Recently, neural prosthetic electrodes covered with polyimide (PI) have been developed for chronic
recording and stimulation of nervous system function. However, when these devices are implanted
onto the nerve trunk, nerves might be damaged by the presence of the electrode due to the mechanical
mismatch between the stiff probe and the soft biological tissue. Consequently, newly formed tissue
layer may isolate the electrode from neural tissue, resulting in poor signal detection. In this study, we
found a method to solve this problem. As the method, we designed and prepared poly(ethylene
glycol) (PEG)-grafted PI film to function cell fouling resistance.
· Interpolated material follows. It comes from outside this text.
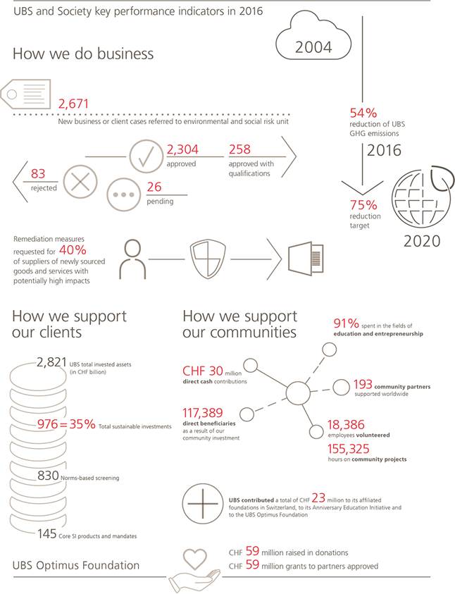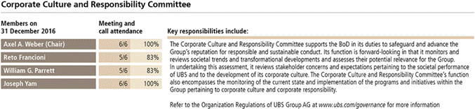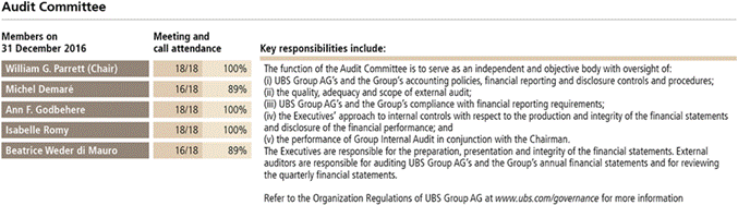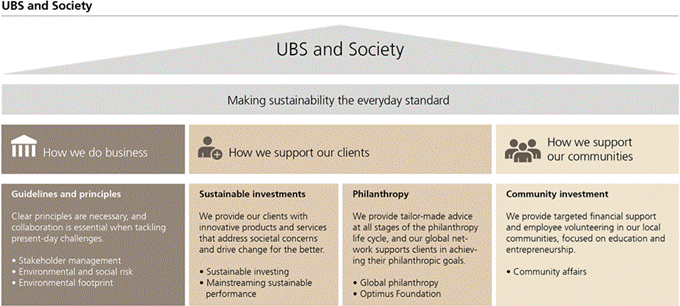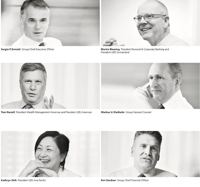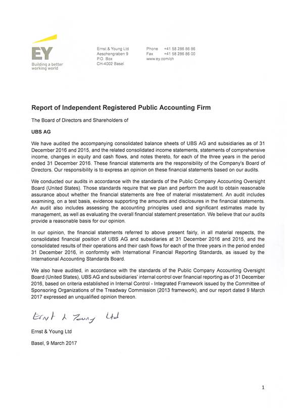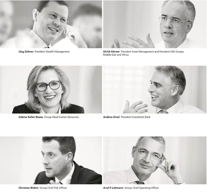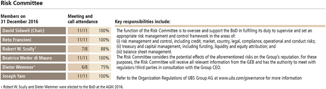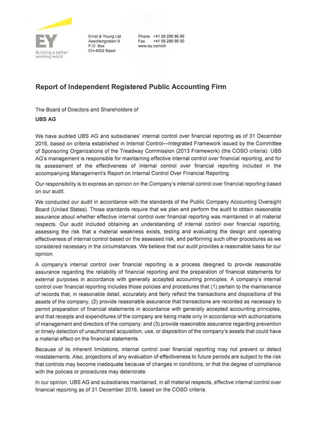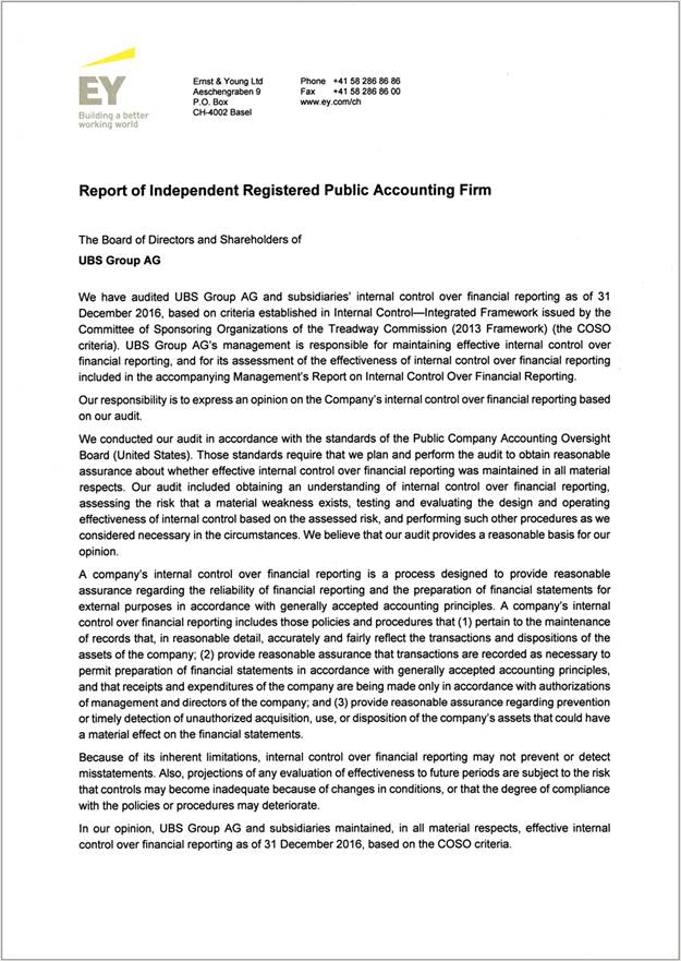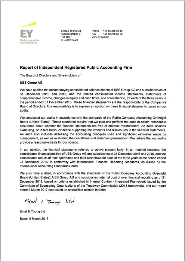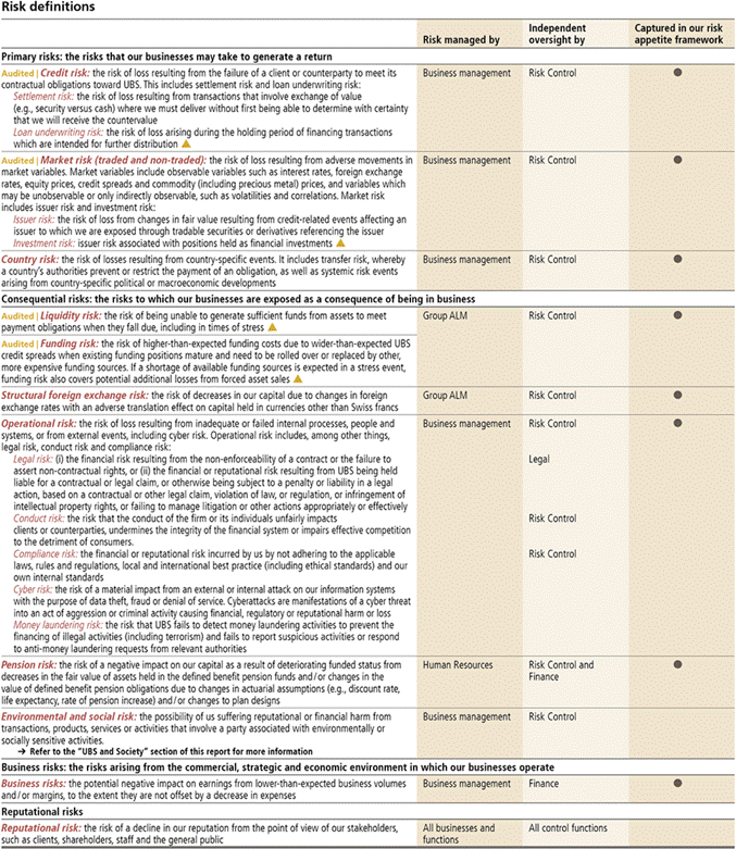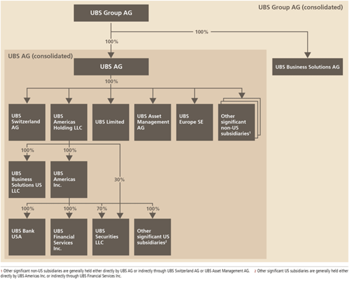 Cautionary StatementRegarding Forward-Looking Statements | This report contains statements that constitute “forward-looking statements,” including but not limited to management’s outlook for UBS’s financial performance and statements relating to the anticipated effect of transactions and strategic initiatives on UBS’s business and future development. While these forward-looking statements represent UBS’s judgments and expectations concerning the matters described, a number of risks, uncertainties and other important factors could cause actual developments and results to differ materially from UBS’s expectations. These factors include, but are not limited to: (i) the degree to which UBS is successful in the ongoing execution of its strategic plans, including its cost reduction and efficiency initiatives and its ability to manage its levels of risk-weighted assets (RWA) and leverage ratio denominator, liquidity coverage ratio and other financial resources, and the degree to which UBS is successful in implementing changes to its wealth management businesses to meet changing market, regulatory and other conditions; (ii) continuing low or negative interest rate environment, developments in the macroeconomic climate and in the markets in which UBS operates or to which it is exposed, including movements in securities prices or liquidity, credit spreads, and currency exchange rates, and the effects of economic conditions, market developments, and geopolitical tensions on the financial position or creditworthiness of UBS’s clients and counterparties as well as on client sentiment and levels of activity; (iii) changes in the availability of capital and funding, including any changes in UBS’s credit spreads and ratings, as well as availability and cost of funding to meet requirements for debt eligible for total loss-absorbing capacity (TLAC); (iv) changes in or the implementation of financial legislation and regulation in Switzerland, the US, the UK and other financial centers that may impose, or result in, more stringent capital, TLAC, leverage ratio, liquidity and funding requirements, incremental tax requirements, additional levies, limitations on permitted activities, constraints on remuneration, constraints on transfers of capital and liquidity and sharing of operational costs across the Group or other measures, and the effect these would have on UBS’s business activities; (v) uncertainty as to when and to what degree the Swiss Financial Market Supervisory Authority (FINMA) will approve, or confirm, limited reductions of gone concern requirements due to measures to reduce resolvability risk; (vi) the degree to which UBS is successful in implementing further changes to its legal structure to improve its resolvability and meet related regulatory requirements, including changes in legal structure and reporting required to implement US enhanced prudential standards, completing the implementation of a service company model, and the potential need to make further changes to the legal structure or booking model of UBS Group in response to legal and regulatory requirements relating to capital requirements, resolvability requirements and proposals in Switzerland and other jurisdictions for mandatory structural reform of banks or systemically important institutions and the extent to which such changes will have the intended effects; (vii) the uncertainty arising from the timing and nature of the UK exit from the EU and the potential need to make changes in UBS’s legal structure and operations as a result of it; (viii) changes in UBS’s competitive position, including whether differences in regulatory capital and other requirements among the major financial centers will adversely affect UBS’s ability to compete in certain lines of business; (ix) changes in the standards of conduct applicable to our businesses that may result from new regulation or new enforcement of existing standards, including recently enacted and proposed measures to impose new and enhanced duties when interacting with customers and in the execution and handling of customer transactions; (x) the liability to which UBS may be exposed, or possible constraints or sanctions that regulatory authorities might impose on UBS, due to litigation, contractual claims and regulatory investigations, including the potential for disqualification from certain businesses or loss of licenses or privileges as a result of regulatory or other governmental sanctions, as well as the effect that litigation, regulatory and similar matters have on the operational risk component of our RWA; (xi) the effects on UBS’s cross-border banking business of tax or regulatory developments and of possible changes in UBS’s policies and practices relating to this business; (xii) UBS’s ability to retain and attract the employees necessary to generate revenues and to manage, support and control its businesses, which may be affected by competitive factors including differences in compensation practices; (xiii) changes in accounting or tax standards or policies, and determinations or interpretations affecting the recognition of gain or loss, the valuation of goodwill, the recognition of deferred tax assets and other matters; (xiv) limitations on the effectiveness of UBS’s internal processes for risk management, risk control, measurement and modeling, and of financial models generally; (xv) whether UBS will be successful in keeping pace with competitors in updating its technology, including by developing digital channels and tools and in our trading businesses; (xvi) the occurrence of operational failures, such as fraud, misconduct, unauthorized trading, financial crime, cyberattacks, and systems failures; (xvii) restrictions on the ability of UBS Group AG to make payments or distributions, including due to restrictions on the ability of its subsidiaries to make loans or distributions, directly or indirectly, or, in the case of financial difficult

The PEG-grafted PI film was
characterized by X-ray photoelectron spectroscopy (XPS) and static water contact angle
measurements. Protein adsorption experiment was carried out to evaluate protein fouling resistance
because protein adsorption is closely related to cell adhesion. In vitro cell behavior on PEG-grafted
PI film was evaluated by confocal laser scanning microscopy (CLSM) and CCK assays. The results
showed that PEG-grafted PI film has characteristics of protein and cell fouling resistances as
compared to bare and hydrolyzed PI films under in vitro. We suggested that PEG-grafted PI film can
be useful for a neural implantable electrode.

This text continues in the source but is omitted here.